MEDELLIN, Colombia--(BUSINESS WIRE)--

Orosur Mining Inc. (“Orosur” or the “Company”) (OMI.TO) (OMI.L) today announces that it has completed a non-brokered private placement of US$2,000,000 (the “Private Placement”) with Newmont Mining Corporation (NEM) and an exploration agreement with venture option (the “Exploration and Option Agreement”) with Newmont Colombia S.A.S., a wholly-owned subsidiary of Newmont (together with Newmont Mining Corporation, “Newmont”), for the Anzá exploration property (“Anzá Project”) in Colombia.

ANZÁ PROJECT

The Anzá Project is located in Antioquia, Colombia, and comprises total land holdings of 207.5 km² in exploitation and exploration concessions and concession applications, covering more than a 20 km segment of the prospective Tonusco Fault.

EXPLORATION AND OPTION AGREEMENT

The Exploration and Option Agreement includes a three-phase earn-in structure allowing Newmont to earn up to a 75% ownership interest in the Anzá Project by spending a minimum of US$30.0 million in qualifying expenditures over twelve years, completing an NI 43-101 compliant feasibility study and making cash payments to Orosur equaling a total of US$4.0 million over Phases 1 and 2.

In Phase 1, Newmont may earn a 51% ownership interest by spending US$10.0 million in qualifying expenditures over four years and making cash payments to Orosur equaling a total of US$2.0 million during the first two years of the Phase 1 earn-in period.

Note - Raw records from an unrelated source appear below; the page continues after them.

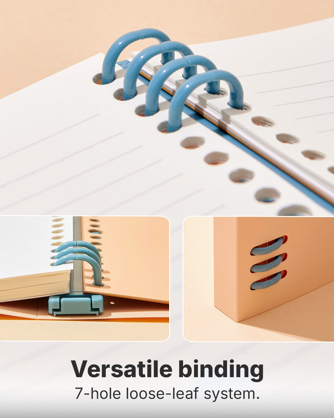 - 7-hole loose-leaf ring, versatile inner pages, worry-free battery life, and reduced troubles in changing cores.
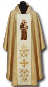 Ornat haftowany z wizerunkiem Św. Antoniego. Długość 125cm. Materiał złoty.
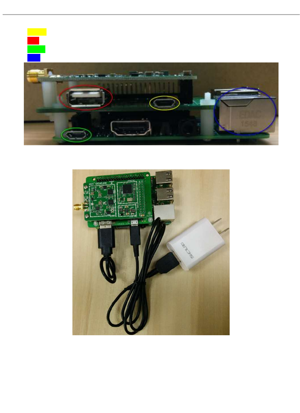 Please follow below picture to connect short USB cable (15cm), long USB cable (1M) and 5V/2A
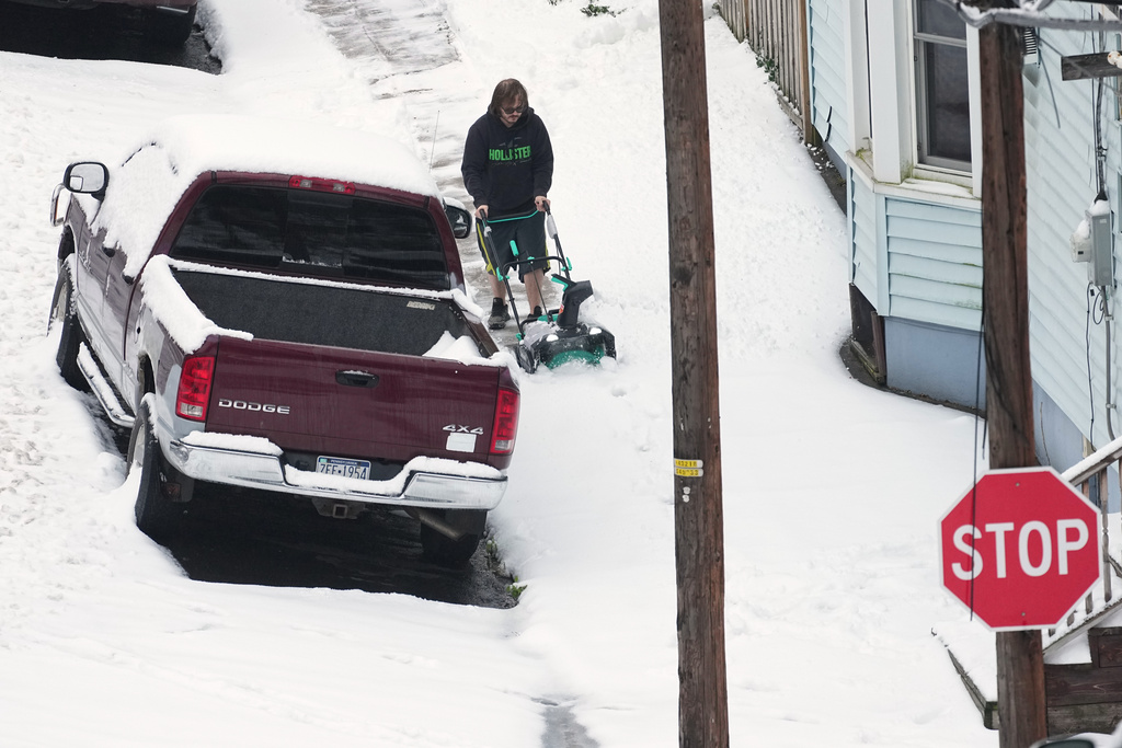 A person clears a sidewalk after a winter snow storm in Pottsville, Pa., Tuesday, Dec. 2, 2025. (AP Photo/Matt Rourke)
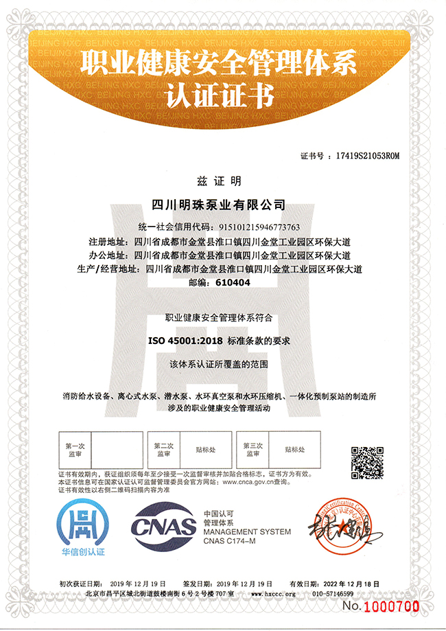 职业健康管理体系认证证书
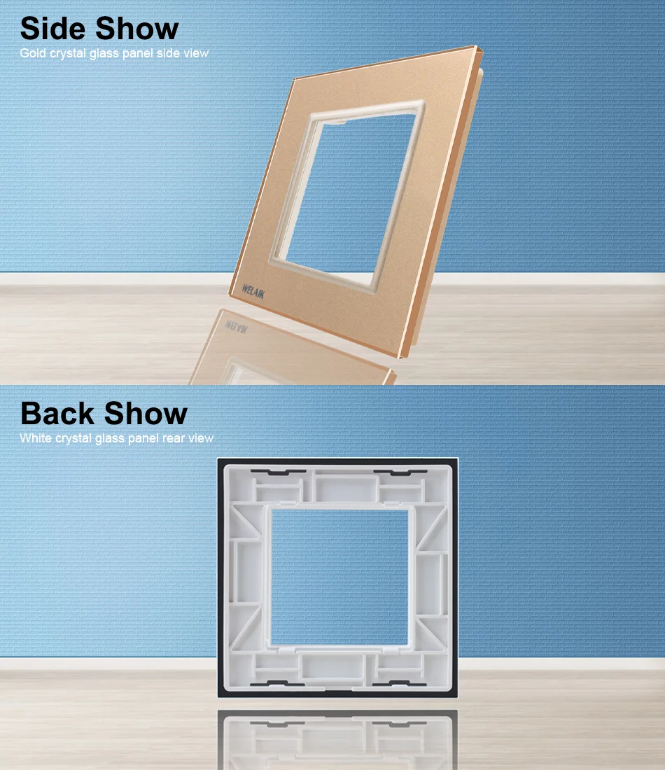 К сожалению, на черном стекле есть твердое имя в серебряных буквах. Довольно хорошее качество и электрические розетки, безусловно, подходят для круглой Европейской электрической коробки
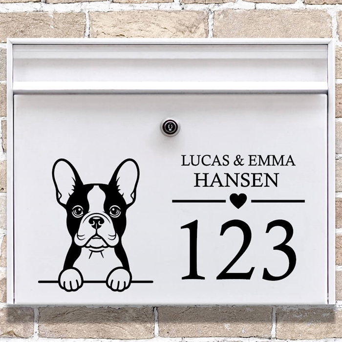 Postkasse sticker med Fransk bulldog og navn
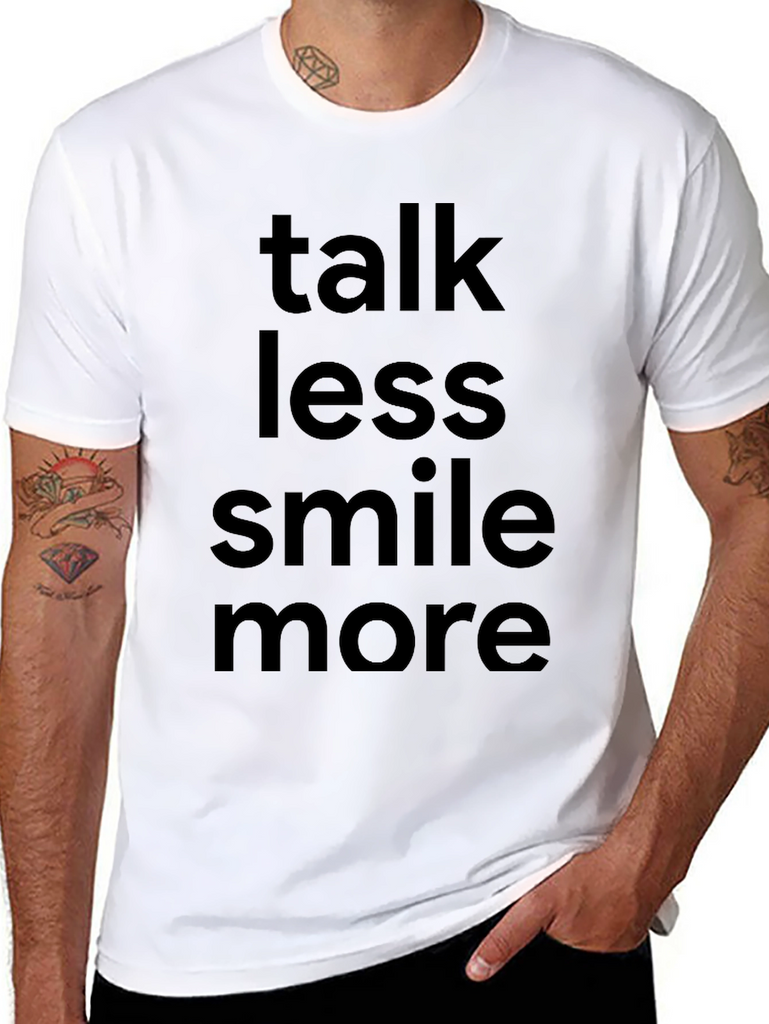 This stylish black t-shirt features a bold and minimalist design with the phrase "talk less smile more" printed prominently on the front. The shirt appears to be made of soft, breathable fabric, possibly cotton or a cotton blend, ensuring comfortable wear. The design promotes a positive and introspective message. The shirt has a classic fit with short sleeves, making it versatile for various casual occasions. Pair it with jeans, shorts, or chinos for a relaxed and effortlessly cool look. It's perfect for expressing your personality and spreading good vibes wherever you go.

Upon Newmont’s completion of Phase 1, it may elect, in its sole discretion, to exercise its option to form a joint venture with Orosur.

In Phase 2, Newmont may elect to earn an additional 14% ownership interest in the Anzá Project by sole-funding US$20.0 million in qualifying expenditures within four years, completing an NI 43-101 compliant pre-feasibility study and making cash payments to Orosur equaling a total of US$2.0 million.

In Phase 3, Newmont may elect to earn an additional 10% ownership interest in the Anzá Project by completing an NI 43-101 compliant feasibility study within four years.

Joint Funding and Financing Option

Upon Newmont completing the Phase 3 earn-in, Orosur may elect for Newmont to solely fund all expenditures until the commencement of commercial production at the Anzá Project. If the Company elects for Newmont to do so:

  • Newmont’s ownership interest shall increase by 5% to 80% in the Anzá Project;
  • Upon the commencement of commercial production, Orosur shall commence contributing funds for adopted programs and budgets in proportion to its ownership interest or suffer dilution of its ownership interest; and
  • Newmont shall receive 90% of Orosur’s distribution of earnings or dividends until such time as the amounts received equal the aggregate amount of expenditures incurred by Newmont on behalf of Orosur, plus nominal interest.

PRIVATE PLACEMENT

Newmont purchased 29,213,186 common shares at a price of C$0.091 (GBP 0.054) per share for aggregate proceeds of US$2.0 million which includes the initial advance of US$0.25 million previously announced on July 10, 2018. The figures are based on CAD exchange rates of CAD$1.00:0.5922GBP and CAD$1.3292:US$1.00.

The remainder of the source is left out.